All of this was meaningless unless they intended to capture the ship (and her pilot) intact.

This led to two possibilities. The less horrifying one to contemplate was that Xenophon did not actually intend to dismantle the ship. The other possibility spelled terrible danger for his friend Diomedes.

The Silent Ones had lost track of him after Victoria Lake (as had, apparently, the Hortators). But then Daphne, using private knowledge about him and about his tastes (which Nothing Sophotech, no matter how intelligent it was, could not have known or deduced) had found him.

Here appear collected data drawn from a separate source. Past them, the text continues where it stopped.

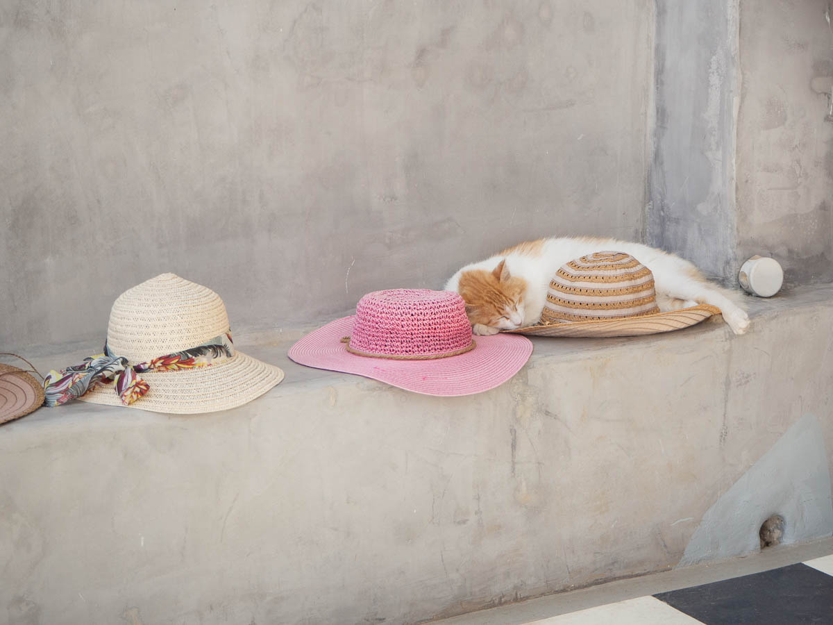 Santorini has a fair number of stray cats, that seem to be tolerated most everywhere. There is one who visits our hotel every morning at breakfast time, whom we already recognize, and we’ve seen others feel at home at cafés and restaurants.
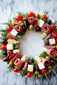 Take your large toothpicks and start skewering your ingredients in combinations that excite you — like a slice of salami folded neatly, then a mozzarella pearl, followed by an olive or a bit of roasted red pepper. You’ll want to mix up colors and textures for visual appeal. Then, arrange the skewers on your round platter in a wreath shape, leaving the center hollow like a festive ring.
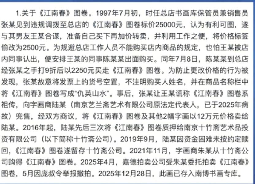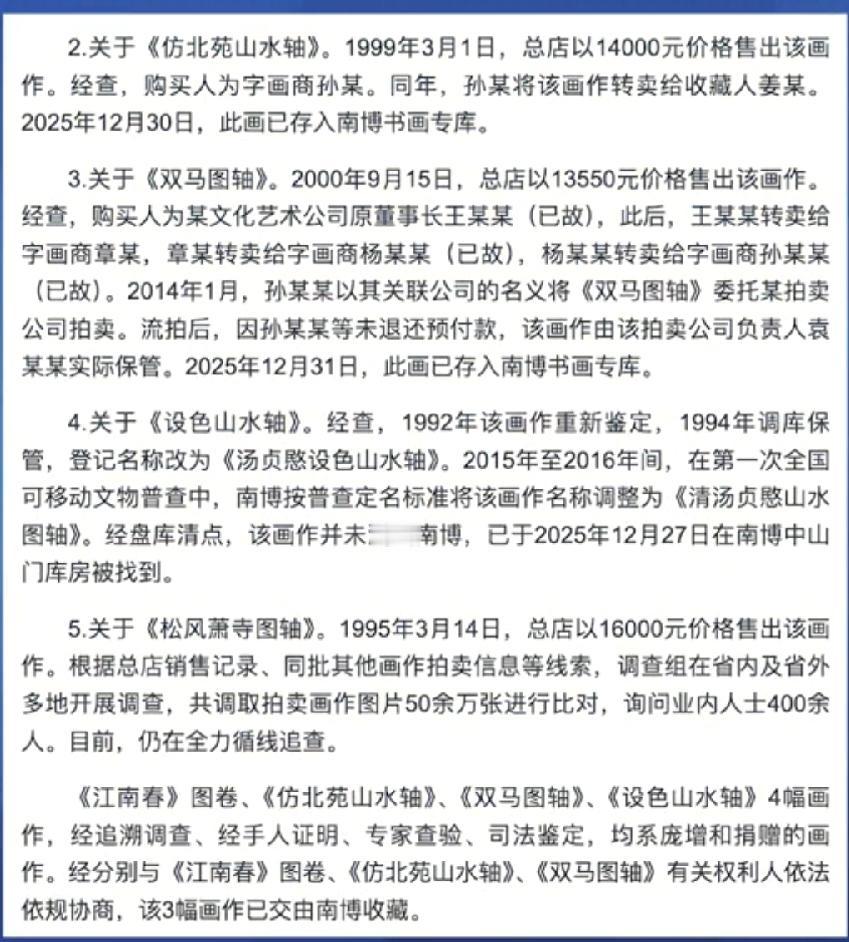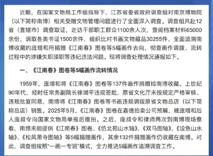 实锤了!南博徐湖平,严重违法违纪被查!江苏省通报南博事件调查结果!徐湖平时任南博主持工作副院长,监守自盗,违规调拨多幅画作至南京总店!但是自己还没来得及获利,又被总店工作人员监守自盗,螳螂捕蝉黄雀在后!江南春等画作被低价买走,又被多次转手流入拍卖市场!目前大部分画作已物归原主,重新入南博画库!徐湖平竹篮打水一场空!80多了,快过年了,以后的年都别过了!
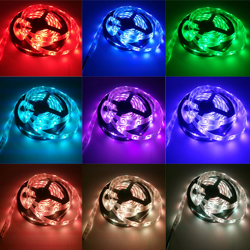 * Multi-Color & DIY: LED tape strips lights set will change colors and speed automatically and periodically. It has not only RGB (Red,Green,Blue),white color, 16 static colors, 6 modes options, but also has 6 kinds DIY selection to create your great led mood lighting.

And she had brought this Silent One agent, this construct or being or whatever it was, here. It had, during the journey, tampered with the noetic reader only just enough to deter a paranoid Phaethon from using it. When he had finally (and against all better judgment) decided to use it nonetheless, it had directed a beam of energy into the noetic unit's works to destroy the machine. Daphne's ring had detected the beam, and at that moment, the masquerade ended.